GAAP net loss for the third-quarter 2006 was $22.4 million, or $0.42 per share, compared with net income of $72.1 million, or $1.34 per share, for the third-quarter 2005. Base net income for the third-quarter 2006 was $32.9 million, or $0.62 per share, compared with $32.8 million, or $0.61 per share, in the third-quarter 2005. Adjusted base net income for the third-quarter 2006 was $28.0 million, or $0.52 per share, compared with $20.9 million, or $0.39 per share, for the same period a year ago. GAAP results were affected by an unrealized loss related to derivative market value, foreign currency, and put option adjustments of $11.6 million for the first nine months of 2006 and $79.9 million for the third quarter of 2006.

A legislative-driven expense of $6.9 million or $0.08 per share after tax for loan loss reserves recognized by the company in the first-quarter 2006 is included in the results for the first nine months of 2006. In addition, the company recognized a gain on the sale of a portfolio of loans in the third quarter of 2006. Net of additional compensation charges and the effect of not holding the loans throughout the third quarter had a net positive impact on the company's results of about $0.10 per share. The third quarter also includes certain non-recurring expenses of approximately $0.03 per share.

A description of base and adjusted base net income and reconciliation of GAAP net income to base and adjusted base net income is included in this release.

Fee-based Revenue

Fee-based revenue in the third quarter of 2006 represented 54 percent of Nelnet's total revenue. This is an increase from the third quarter of 2005 when fee-based revenue represented 39 percent of total revenue.

Income from loan and guarantee servicing fees reached $139.6 million for the first nine months of 2006, up from $109.3 million in the first nine months of 2005. In the third quarter of 2006, loan and guarantee servicing income grew to $48.5 million from $37.5 million in the third quarter of 2005.

Other fee-based income increased to $65.5 million for the first nine months of 2006 compared with $22.9 million for the first nine months of 2005. For the third quarter of 2006, other fee-based income increased to $31.2 million, up from $10.5 million in the same period a year ago. Other fee-based income includes Nelnet Business Solutions, which was formed earlier this year to pull together strategic businesses that offer additional products and services to the life cycle of the student while at the same time adding diversification and fee income to Nelnet. These businesses include enrollment management, tuition payment plans, payment processing, list management, and direct marketing, and are not dependent on the government sponsored programs and therefore do not expose the company to political risk.

Other income increased to $18.5 million for the first nine months of 2006 compared with $5.4 million in the same period a year ago. For the third-quarter 2006, other fee income increased to $13.6 million, up from $2.5 million in the third-quarter 2005. Other income in the third quarter and first nine months of 2006 includes an $11.7 million gain on the sale of student loans to an unrelated party.
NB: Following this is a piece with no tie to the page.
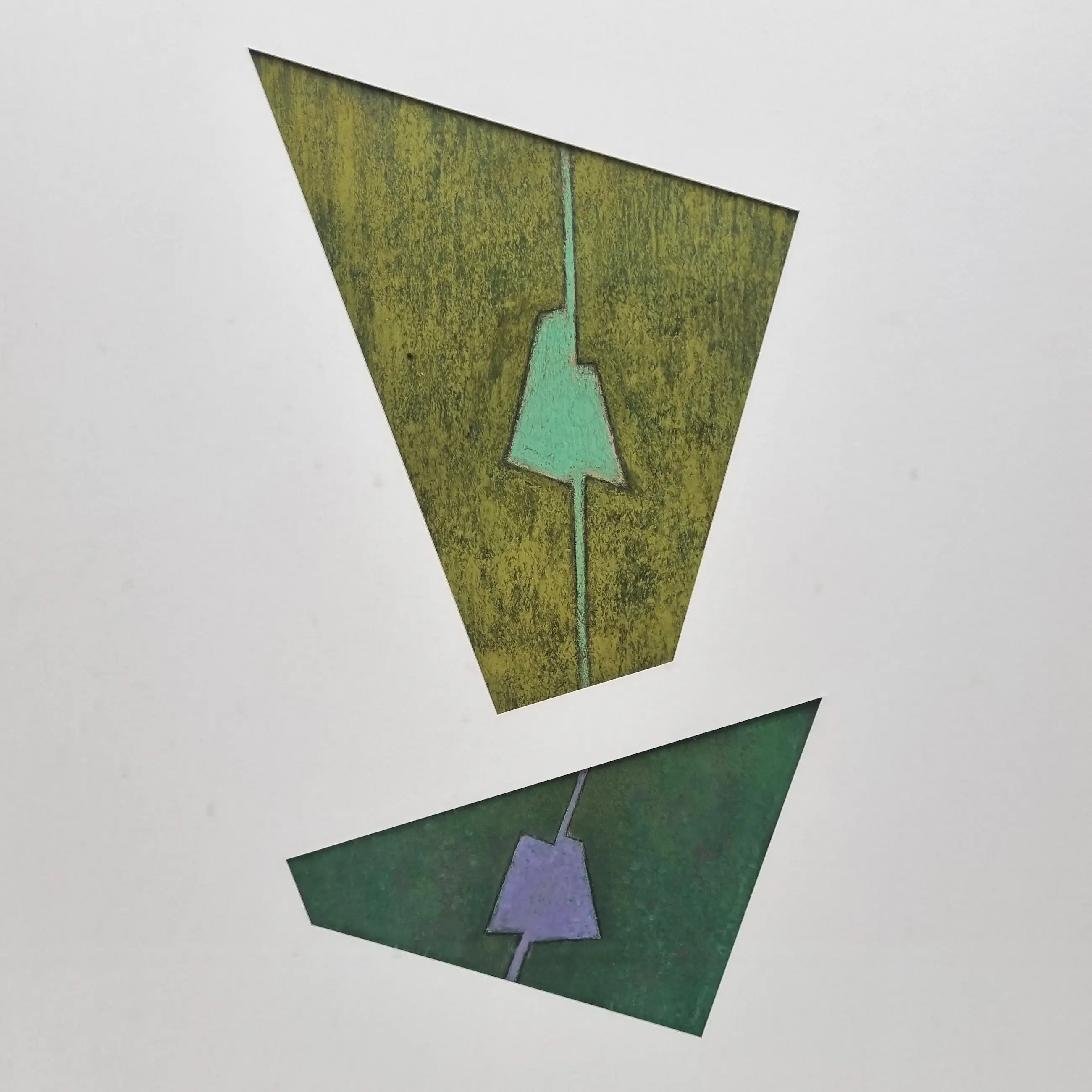 Bijzondere groentinten, acrylverf op papier, gedateerd 1946, in mooie op maat gemaakte houten lijst van Gehring / Heijdenrijk. Achter museumglas, 60 x 50 cm, inclusief de lijst 75 x 62 cm.

The portfolio of loans was not serviced by Nelnet and as such was at greater risk of being consolidated away from the company by third parties.

Student Loan Assets

Net student loan assets increased by $6.6 billion, or 40 percent, year over year to $22.9 billion at September 30, 2006. Since December 31, 2005, net student loan assets have increased 13 percent, or $2.7 billion, and have increased 2 percent, or $529.2 million, since June 30, 2006.
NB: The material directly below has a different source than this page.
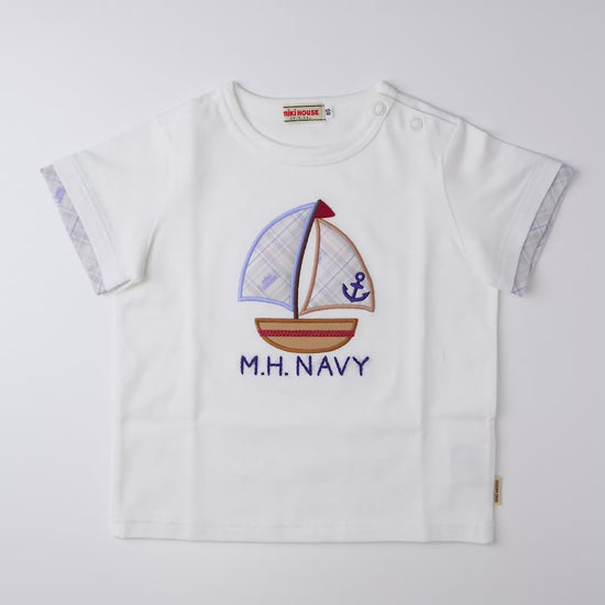 A playful nod to seaside adventures, this T-shirt features a softly padded yacht motif that captures the spirit of sailing days. Thoughtful touches of MH plaid on the sail and sleeve edges lend a polished finish. The soft jersey fabric feels gentle against the skin, making it an easy choice for everyday wear and special outings alike.

The company reported net new consolidation loan originations of $912.4 million and $424.9 million and net consolidation loan originations of $1.8 billion and $767.3 million for the first nine months of 2006 and the third quarter of 2006, respectively.

Margin Analysis

Net interest income for the first nine months of 2006 was $244.8 million compared with $247.8 million for the first nine months of 2005. For the third quarter of 2006, Nelnet reported net interest income of $72.4 million compared with $79.0 million for the third quarter of 2005. Net interest income for the first nine months of 2006 includes a special allowance yield adjustment of $24.5 million compared with $77.4 million for the first nine months of 2005. Excluding the special allowance yield adjustment, net interest income increased $50.0 million or 29 percent for the first nine months of 2006.
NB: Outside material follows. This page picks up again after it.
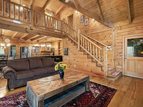 Welcome to this stunning 3-bedroom, 3-bathroom log cabin located in a gated community less than one mile from the entrance of the Great Smoky Mountains National Park. This true log cabin combines rustic charm with modern comforts and even includes its very own treehouse for a one-of-a-kind mountain living experience.

As previously announced, Nelnet has determined to defer recognition of the 9.5 percent special allowance payment being withheld by the Department of Education, therefore, net interest income for the third-quarter 2006 does not include a special allowance yield adjustment. Income from these special allowance payments would have been $8.9 million for the third quarter of 2006. The same period a year ago includes a $21.8 million special allowance yield adjustment in net interest income. Excluding the impact of the special allowance yield adjustment, net interest income for the third-quarter 2006 increased $15.1 million, or 26 percent, compared to the third-quarter 2005.

The company reported core student loan spread of 1.45 percent for the first nine months of 2006 compared with 1.54 percent in the same period in 2005. For the third quarter of 2006, Nelnet reported core student loan spread of 1.34 percent compared with 1.46 percent in the same period of 2005 and 1.49 percent for the second quarter of 2006. The core student loan spread contraction was accelerated due to the mismatch of the reset frequency between the floating rate assets and floating rate liabilities. During a rising interest rate environment, Nelnet's core student loan spread benefited from the mismatch, however, since interest rates did not rise in the third quarter, the company did not benefit from the mismatch. In addition, the increase in the percentage of consolidation loans in the company's student loan portfolio negatively impacted the spread.

Operating Expenses

For the first nine months of 2006, the company reported operating expenses of $351.4 million compared with $224.2 million for the first nine months of 2005. Operating expenses were $128.8 million in the third quarter of 2006 compared with $78.9 million for the same period a year ago. The increase in operating expenses is primarily attributable to recent acquisitions.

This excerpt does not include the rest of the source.